Вопрос о женском образовании, так же как и женский вопрос в целом, привлек к себе внимание российского общества в 50–60-е гг. XIX в. — накануне и вскоре после отмены крепостного права. Это было связано, с одной стороны, с распространением в России либеральных идей о равноправии и общественной пользе и, с другой стороны, с изменениями в социальном положении значительной части дворянства после реформы. Известно, что отмена крепостного права привела к разорению многих дворянских имений, обитатели которых остались без средств к существованию. И если мужчина-дворянин мог решить эту проблему, поступив на службу, то для женщин возможности самостоятельного заработка были крайне ограничены. В тех поместьях, которым удалось избежать разорения, женщины также были лишены привычного круга обязанностей по управлению домашним хозяйством и оказались не у дел, что приводило к неудовлетворенности своим социальным положением и усиливало их восприимчивость к популярным идеям о необходимости служения обществу [4, с. 36].
Формирование системы женского образования проходило на фоне столкновения взглядов сторонников женского равноправия во всех сферах духовной жизни и консерваторов, отрицавших необходимость замены закрытых сословных женских учреждений учебными заведениями иного рода. В качестве одного из доводов последних фигурировал тезис о том, что образование не должно быть многогранным, поскольку его задача — готовить женщину к роли жены и матери, а не к профессиональному труду. Распространенность подобных настроений в обществе побудила сторонников среднего и высшего образования рассмотреть вопрос о том, что именно необходимо знать женщине для успешного выполнения функции материнства и каким образом следует учитывать этот фактор при разработке программ обучения в женских учебных заведениях [5, с. 28].
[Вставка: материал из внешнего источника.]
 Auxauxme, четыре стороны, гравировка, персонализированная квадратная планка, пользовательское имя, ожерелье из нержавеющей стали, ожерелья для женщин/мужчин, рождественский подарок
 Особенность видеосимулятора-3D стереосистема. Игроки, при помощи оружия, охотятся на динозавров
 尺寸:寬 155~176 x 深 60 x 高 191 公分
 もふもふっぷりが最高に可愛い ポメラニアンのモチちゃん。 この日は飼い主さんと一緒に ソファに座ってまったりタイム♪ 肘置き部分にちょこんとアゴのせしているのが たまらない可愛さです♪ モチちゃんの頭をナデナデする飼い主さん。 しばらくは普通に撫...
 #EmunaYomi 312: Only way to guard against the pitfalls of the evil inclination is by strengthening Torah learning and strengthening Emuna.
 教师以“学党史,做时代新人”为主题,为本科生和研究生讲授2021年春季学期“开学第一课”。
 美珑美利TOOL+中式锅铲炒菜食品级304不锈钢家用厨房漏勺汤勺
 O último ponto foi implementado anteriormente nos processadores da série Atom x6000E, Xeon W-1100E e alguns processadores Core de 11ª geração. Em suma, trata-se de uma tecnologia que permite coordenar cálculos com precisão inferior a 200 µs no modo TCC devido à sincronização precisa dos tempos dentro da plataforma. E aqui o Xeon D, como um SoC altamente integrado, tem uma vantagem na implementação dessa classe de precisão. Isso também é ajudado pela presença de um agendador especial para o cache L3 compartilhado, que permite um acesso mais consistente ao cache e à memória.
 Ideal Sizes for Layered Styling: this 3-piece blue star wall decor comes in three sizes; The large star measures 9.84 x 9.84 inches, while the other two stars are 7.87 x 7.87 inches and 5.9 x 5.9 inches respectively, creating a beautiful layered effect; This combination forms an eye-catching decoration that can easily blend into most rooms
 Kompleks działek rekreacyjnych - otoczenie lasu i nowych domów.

Пионером постановки вопроса о важности изменений в системе женского образования был выдающийся русский хирург и педагог Н. И. Пирогов. В 1856 г. в журнале “Морской сборник” им была опубликована статья, где подчеркивалась необходимость коренных изменений в системе женского образования, поскольку именно женщина является первым воспитателем человека, и она должна быть образованна, чтобы с успехом выполнить эту общественную функцию:
Пусть поймут, что они (женщины — Н. А., А. А.), ухаживая за колыбелью человека, учреждая игры его детства, научая его уста лепетать и первые слова и первую молитву, делаются главными зодчими общества. Краеугольный камень кладется их руками... Не положение женщины в обществе, но воспитание ее, в котором заключается воспитание всего человечества, — вот это требует перемены [6, с. 51].
В конце 1850-х гг. в российском обществе уже широко обсуждался вопрос о доступе женщин к университетскому образованию — важнейшей предпосылке включения женщин в научную деятельность. В 1859 г. для женщин, стремящихся к систематическим занятиям наукой, открыл двери Петербургский университет. Сотни женщин в качестве вольнослушательниц появились также в аудиториях Киевского и Харьковского университетов. Одной из распространенных форм обучения тогда стали и так называемые “летучие университеты” на частных квартирах: там читались бесплатные лекции ведущими профессорами [7, с. 13].
В 1861 г. в связи с пересмотром университетского устава Министерство народного просвещения поставило на обсуждение вопрос об официальном “допущении” женщин к слушанию курса в университете и о предоставлении им права подвергаться испытанию на ученые степени. Большинство университетов поддержало эти предложения. Против выступили лишь Московский и Дерптский университеты, аргументируя свой протест тем, что совместное слушание лекций студентов обоего пола окажет вредное воздействие на успешный ход занятий молодых людей. Однако в 1863 г. право женщин посещать лекции в университетах было отменено, и к 1864 г. женщин в них не осталось. Так власти отплатили студенткам-шестидесятницам за их участие в студенческих волнениях, за протест против неравенства и угнетения женщин [8, с. 33]. Эти и последующие аналогичные события послужили поводом для будущего председателя Совета министров России С. Ю. Витте заявить, что совместное обучение способно революционизировать высшую школу, так как “женщины являются носителями и вдохновительницами разрушительных идей” (цит. по [3, с. 292]).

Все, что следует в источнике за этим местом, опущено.